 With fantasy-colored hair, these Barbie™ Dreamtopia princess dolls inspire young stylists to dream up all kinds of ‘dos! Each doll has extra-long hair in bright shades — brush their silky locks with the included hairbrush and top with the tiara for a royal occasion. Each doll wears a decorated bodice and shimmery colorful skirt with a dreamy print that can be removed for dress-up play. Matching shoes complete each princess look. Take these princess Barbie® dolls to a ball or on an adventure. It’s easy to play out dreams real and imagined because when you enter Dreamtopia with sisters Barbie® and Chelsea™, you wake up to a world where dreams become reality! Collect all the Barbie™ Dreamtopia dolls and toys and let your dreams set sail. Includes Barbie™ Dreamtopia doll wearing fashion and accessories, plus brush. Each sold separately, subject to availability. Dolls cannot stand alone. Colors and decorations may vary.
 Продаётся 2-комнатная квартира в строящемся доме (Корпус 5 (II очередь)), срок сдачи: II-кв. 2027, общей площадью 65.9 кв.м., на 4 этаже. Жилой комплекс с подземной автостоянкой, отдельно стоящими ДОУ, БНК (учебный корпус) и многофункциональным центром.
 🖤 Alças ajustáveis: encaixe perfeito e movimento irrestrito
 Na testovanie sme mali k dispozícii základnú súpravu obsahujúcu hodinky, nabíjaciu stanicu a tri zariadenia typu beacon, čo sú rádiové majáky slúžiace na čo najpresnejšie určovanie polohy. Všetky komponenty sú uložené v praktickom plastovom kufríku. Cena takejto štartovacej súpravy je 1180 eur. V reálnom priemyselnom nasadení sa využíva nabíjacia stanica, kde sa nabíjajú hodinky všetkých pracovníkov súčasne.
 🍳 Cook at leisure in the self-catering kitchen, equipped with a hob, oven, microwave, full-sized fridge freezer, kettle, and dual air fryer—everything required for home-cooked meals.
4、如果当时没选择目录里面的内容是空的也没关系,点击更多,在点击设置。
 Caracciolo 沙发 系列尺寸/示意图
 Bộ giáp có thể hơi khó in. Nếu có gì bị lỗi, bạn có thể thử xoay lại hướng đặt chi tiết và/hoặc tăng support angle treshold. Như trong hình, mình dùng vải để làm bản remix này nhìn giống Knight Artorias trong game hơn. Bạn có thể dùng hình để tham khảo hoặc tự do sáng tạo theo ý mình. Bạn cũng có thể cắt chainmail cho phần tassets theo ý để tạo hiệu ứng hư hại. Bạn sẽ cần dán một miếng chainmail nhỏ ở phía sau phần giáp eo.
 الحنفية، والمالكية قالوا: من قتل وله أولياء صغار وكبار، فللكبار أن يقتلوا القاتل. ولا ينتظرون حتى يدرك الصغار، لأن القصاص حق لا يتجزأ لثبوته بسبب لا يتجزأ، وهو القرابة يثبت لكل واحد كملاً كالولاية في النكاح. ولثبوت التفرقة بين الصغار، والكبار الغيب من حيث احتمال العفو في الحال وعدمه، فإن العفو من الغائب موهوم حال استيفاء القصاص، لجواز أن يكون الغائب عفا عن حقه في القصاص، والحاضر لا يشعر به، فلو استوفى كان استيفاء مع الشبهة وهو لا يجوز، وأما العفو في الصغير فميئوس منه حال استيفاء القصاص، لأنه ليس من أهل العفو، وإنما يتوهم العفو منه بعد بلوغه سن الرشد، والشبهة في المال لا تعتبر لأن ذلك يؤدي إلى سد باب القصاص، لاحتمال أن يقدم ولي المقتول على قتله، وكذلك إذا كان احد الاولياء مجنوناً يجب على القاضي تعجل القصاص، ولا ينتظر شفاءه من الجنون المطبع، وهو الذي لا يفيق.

◆ ◆ ◆ ◆ ◆

What is expected: Above are records; repeat only the lines starting at the line with "Продаётся 2-комнатная квартира" and ending at the line with "for home-cooked meals.", exactly as they appear, both included.

Result:
 Продаётся 2-комнатная квартира в строящемся доме (Корпус 5 (II очередь)), срок сдачи: II-кв. 2027, общей площадью 65.9 кв.м., на 4 этаже. Жилой комплекс с подземной автостоянкой, отдельно стоящими ДОУ, БНК (учебный корпус) и многофункциональным центром.
 🖤 Alças ajustáveis: encaixe perfeito e movimento irrestrito
 Na testovanie sme mali k dispozícii základnú súpravu obsahujúcu hodinky, nabíjaciu stanicu a tri zariadenia typu beacon, čo sú rádiové majáky slúžiace na čo najpresnejšie určovanie polohy. Všetky komponenty sú uložené v praktickom plastovom kufríku. Cena takejto štartovacej súpravy je 1180 eur. V reálnom priemyselnom nasadení sa využíva nabíjacia stanica, kde sa nabíjajú hodinky všetkých pracovníkov súčasne.
 🍳 Cook at leisure in the self-catering kitchen, equipped with a hob, oven, microwave, full-sized fridge freezer, kettle, and dual air fryer—everything required for home-cooked meals.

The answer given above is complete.